In response, SPACs have sought ways to thwart activists -- such as raising the threshold of shareholders needed to stop an acquisition, which has historically been 20 percent.
"We have increased the threshold to reduce the risk of a small group of stockholders exercising undue influence on the approval process," K Road Acquisition Corp, a SPAC with a 40 percent threshold, wrote in an offering document.
Another approach is capping the amount of stock an investor can convert into cash after voting against a transaction.

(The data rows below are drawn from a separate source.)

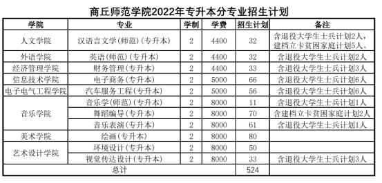 2022年商丘学院专升本招生计划及近三年招生录取分数线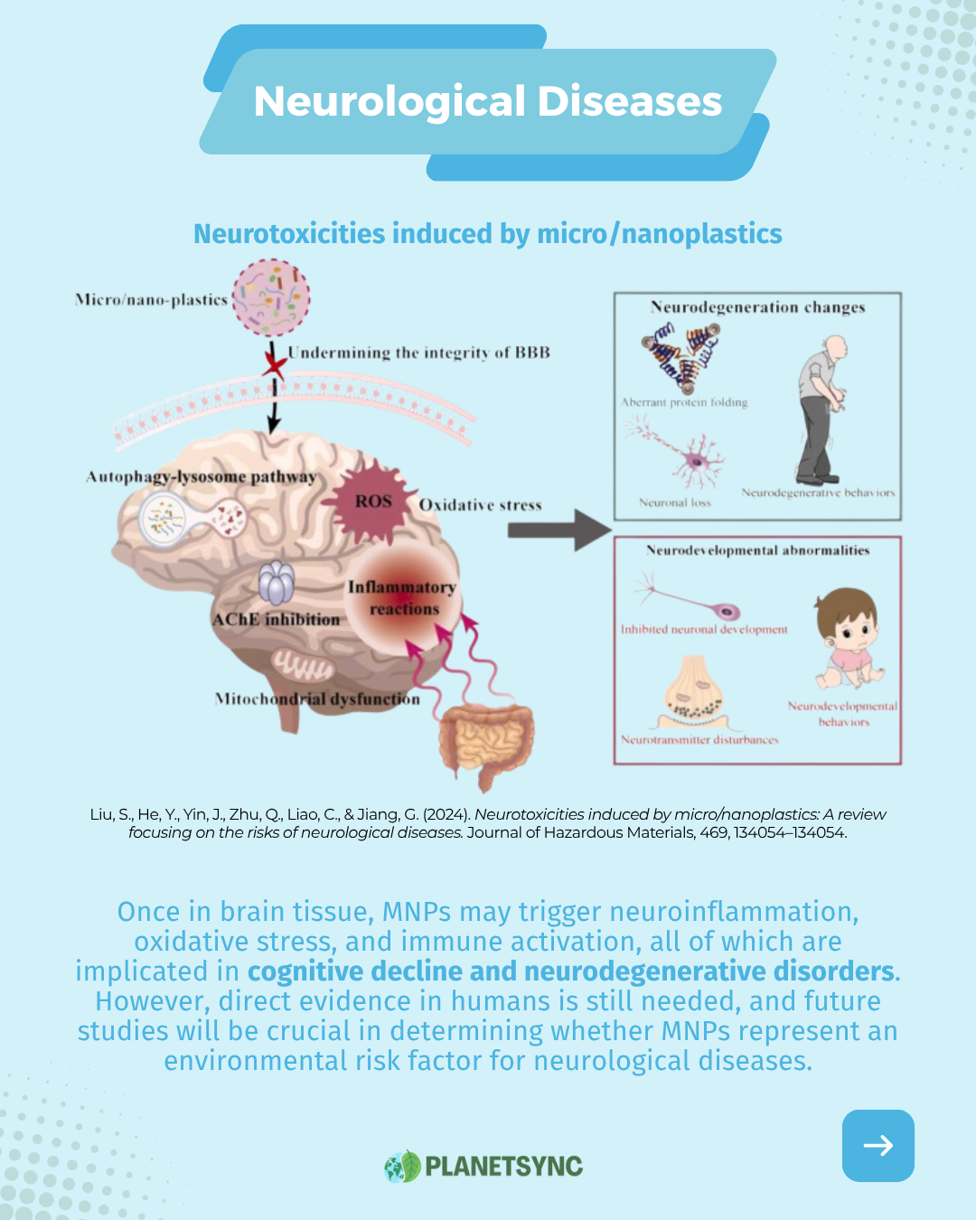 The finding that MNPs can reach the brain has opened questions about neurological effects. Once in brain tissue, these particles may trigger neuroinflammation, oxidative stress, and immune activation, all of which are implicated in cognitive decline and neurodegenerative disorders such as Alzheimer’s and Parkinson’s disease. However, direct evidence in humans is still needed, and future studies will be crucial in determining whether microplastics represent an overlooked environmental risk factor for neurological diseases.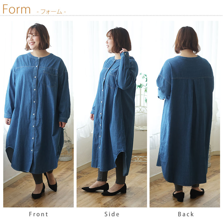 4. 大きいサイズ 羽織に丁度良い 薄軽 デニム の シャツワンピース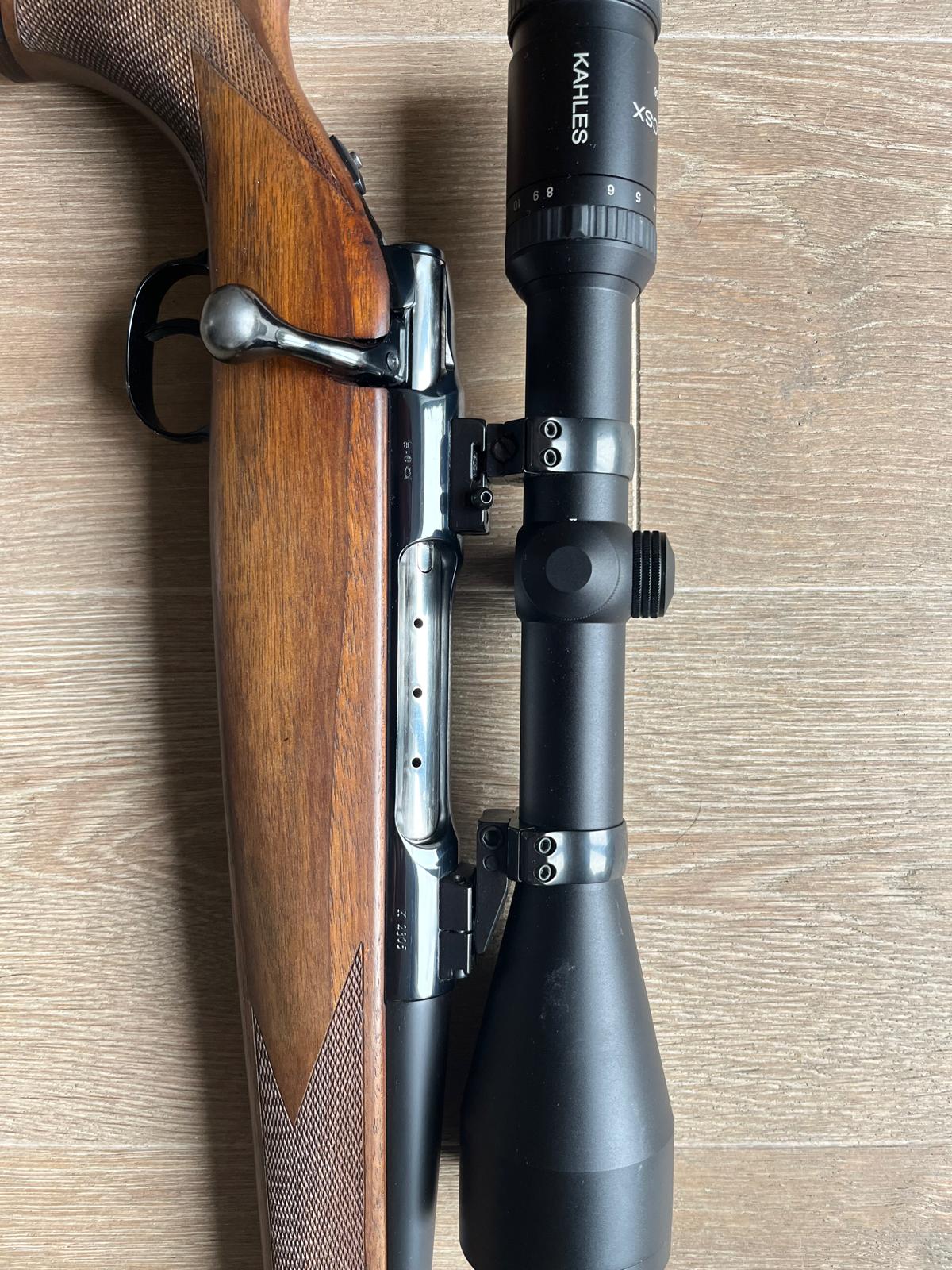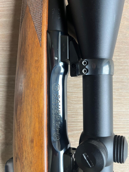 Verkaufe meine Sauer 90, Kal. 30-06 Springfield, Leuchtabsehen 4A, auf EAW Schwenkmontage. Schöner Schaft nahezu ohne Gebrauchsspuren. Ventilierte Gummischaftkappe, Monte Carlo Backe, Rosenholzabschluss, Länge Schaftende (Mitte) bis Abzugszüngel 36 cm, System glänzend und Lauf mattschwarz wie neu, Lauflänge 57 cm, Abzug mit einstellbarem Rückstecher, Lauf absolut blank. Über die Verarbeitung und den legendären Schlossgang einer Sauer 90 braucht man wohl keine Worte mehr zu verlieren. Derartige Qualität findet man heutzutage kaum noch. Tubus des Zielfernrohres ohne Kratzer oder sonstige Beschädigungen. , Bild klar und randscharf ,keine Kratzer auf Objetiv oder Okular. Zielfernrohr insgesamt ebenfalls neuwertig. Schussbelastung nur wenige Schüsse, neuwertige Waffe. Gerne Besichtigung, Abholung oder Versand mit autorisiertem Lieferservice. Privatverkauf: keine Garantie, Gewährleistung, Rücknahme. EWB erforderlich.

Trian Acquisition I Corp TUX.A said in a filing that such a limit was intended to prevent shareholders from using "the conversion right as a means to force us or our management to purchase their stock at a premium to the then current market price."
As a further backstop to completing a deal, if a potential acquisition is announced and Trian's shares fall below a particular value, an affiliate of its sponsor will buy up to $75 million of shares from investors, according to the filing.
Those measures could prove costly. If a SPAC acquisition is approved without a substantial percentage of shareholders signing off, completion may be jeopardized by a lack of funds.
Either could be expensive for sponsors or underwriters, who may ultimately be on the hook for expenses like offering fees.
"The protections for shareholders are extraordinary," said Phillip Goldstein of Bulldog Investors, which manages about $500 million and recently launched a dedicated SPAC fund. "But for a sponsor it's high risk and high reward."
With the increasing amount of risk, some sponsors are questioning if this market is so good for SPACs after all. And a few are hesitating with plans, according to market sources.
"There is no question that the terms have been getting more investor-friendly and less favorable to sponsors," said Skadden's Ivey. "It will be interesting to see whether that reduces the likelihood that sponsors will want to launch new SPACs."